BNPL Adoption Rises Among Younger Consumers Amid Economic Challenges

Buy Now, Pay Later (BNPL) services have become increasingly popular, particularly among younger consumers facing economic challenges. These services allow consumers to spread out payments over time instead of paying the full amount upfront, easing pressure on their bank accounts and avoiding interest-bearing debt. Recent data from the Consumer Financial Protection Bureau (CFPB) and PYMNTS highlights the strategic use of BNPL to manage cash flow, especially during periods of high inflation.

Growing Popularity of BNPL Services

The rise of BNPL services has been significant, with nearly two-thirds of users employing this method to manage their finances strategically. This trend is particularly evident among younger consumers, who often face economic pressures and cash flow shortages. The average transaction value for BNPL users is $926, indicating that these services are being used for substantial purchases. These insights underscore how critical BNPL has become for consumers who need a way to spread out their financial burdens without accruing high-interest debt.

CFPB’s data reveals that younger consumers, especially those aged 18-24, are the most frequent users of BNPL services. This age group, facing the highest percentage of unsecured debt in the form of installment loans, finds BNPL extremely helpful. For these young adults, installment loans represent 28% of their unsecured debt, versus 17% across all age cohorts. This shows that they are tapping into BNPL services more aggressively to manage their precarious financial situation.
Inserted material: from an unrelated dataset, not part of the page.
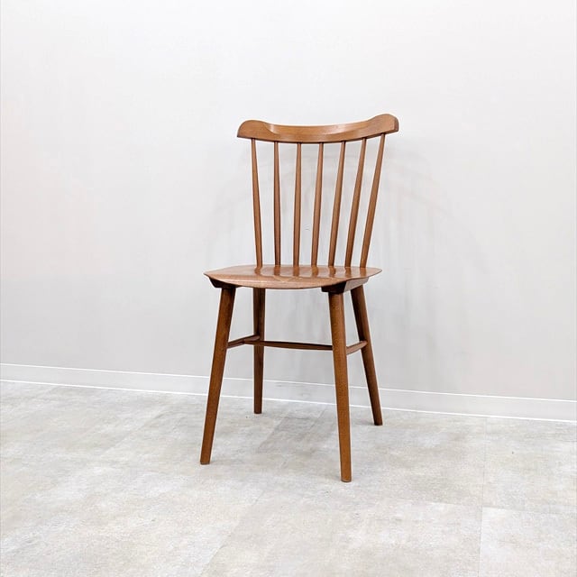 チェコの老舗曲木家具メーカーTONの人気商品。アイロニカチェア。ベントプライウッドの薄く座りやすい形状にされたシートにスピンドルバックを合わせたイギリスや北欧にある伝統的なデザイン。とても軽量で女性や子供でも使いやすいのも特徴となります。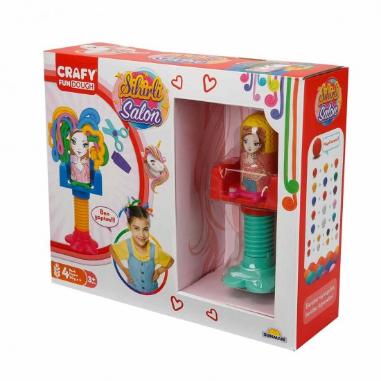 Set pasta de modelat si accesorii Salon de coafura Crafy Fun Dough 4x50 gr. 12 accesorii

Demographic Insights and Usage Trends

Over 20% of consumers used BNPL loans in 2022, with 20% of them taking more than one loan per month, averaging 9.5 loan originations per year—up from the previous count of 8.5. This rapid adoption of BNPL services suggests a shift in consumer behavior towards more flexible financial management tools. Generation Z and millennials are leading this shift, with a marked preference for BNPL options. Specifically, 46% of Gen Z and 47% of millennials utilized BNPL services in the past year, reflecting how these age groups rely heavily on such services to navigate their financial landscapes.

The utilization of BNPL among these demographics is symptomatic of the broader economic pressures faced by younger and lower-income consumers. These individuals often live paycheck to paycheck and experience cash flow shortages more frequently compared to older demographics. The strategic use of BNPL services allows younger consumers to manage their expenditures without resorting to traditional credit options, thereby avoiding high-interest rates and other potential pitfalls associated with credit card debt.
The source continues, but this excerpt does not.